The program (not my code, thank goodness) was so convoluted that it was 
nearly impossible to keep track of the allocated block pointers, since 
they would be suffled back and forth between some stack-like structures as 
the thing worked.

I thought it would very helpful if Valgrind could provide one or both of 
the following:

- The last place in the program where a pointer to a particular block was 
used. I think this would be useful for people wishing to fine-tune their 
memory usage in general. It would also show a candidate location for that 
missing free()...

- The last place where a pointer to a block was clobbered/lost, which is a 
probable location for the actual leak

As for the implementation (warning: rampant ignorance ahead), it seems to 
me that something similar to the valid-value tracking mechanism could be 
used:

- have a bitmap (P-bits ?) that marks certain addresses as pointers.

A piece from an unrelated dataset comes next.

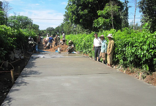 Pobladores de Vinh Thach están hormigonando una calle municipal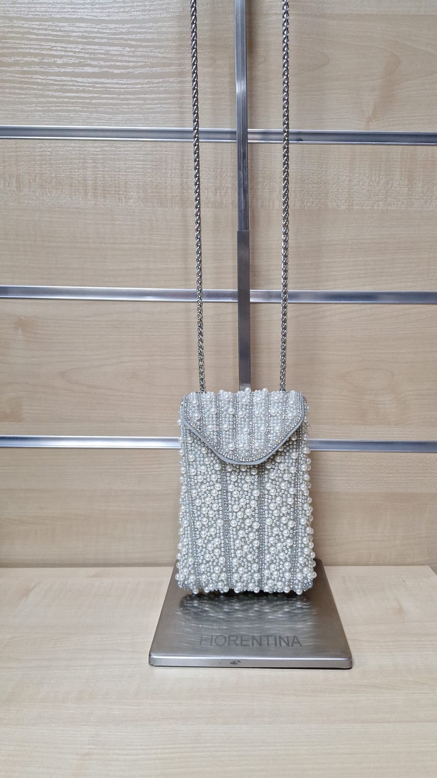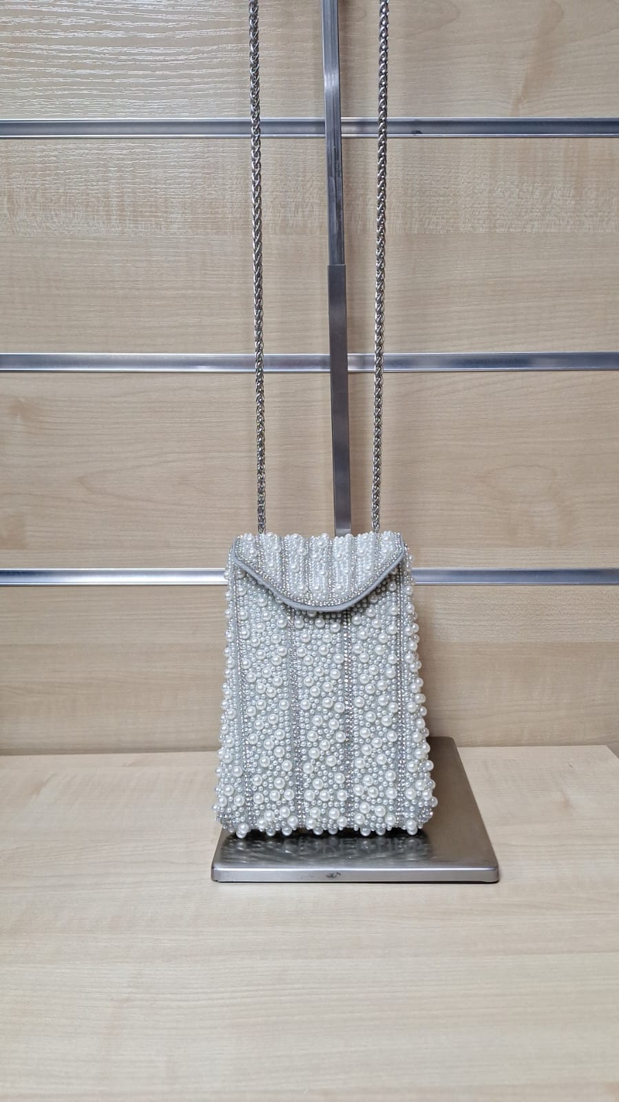 1. Puzderko z ozdobnego materiału. Model z długim łańcuszkiem w zestawie.

- when a block is allocated, mark the location of the returned pointer in 
the bitmap.

- when a pointer is copied, adjust the bitmap to include the new address.

- when a pointer is used mark the place in the block metadata. This might 
be more accurate if any access to a block was tracked in general.

- when the stack is adjusted/blocks freed/etc check all marked locations 
and update the metadata for any blocks that lost a pointer. If we had a 
pointer counter it might even be possible to detect memory leaks on the 
fly.

- same for any clobbered pointers. No idea how to deal with the common 
ptr++ case. Maybe show this info only for definitely lost blocks ?

Then corroborate the info collected above with the definite/potential loss 
info to increase accuracy (maybe for both ?).

I understand that this could be quite slow, but I think it would be worth 
it. Even a slowdown similar to the one induced by --track-origins=yes 
would be acceptable IMO. And it could always be optional...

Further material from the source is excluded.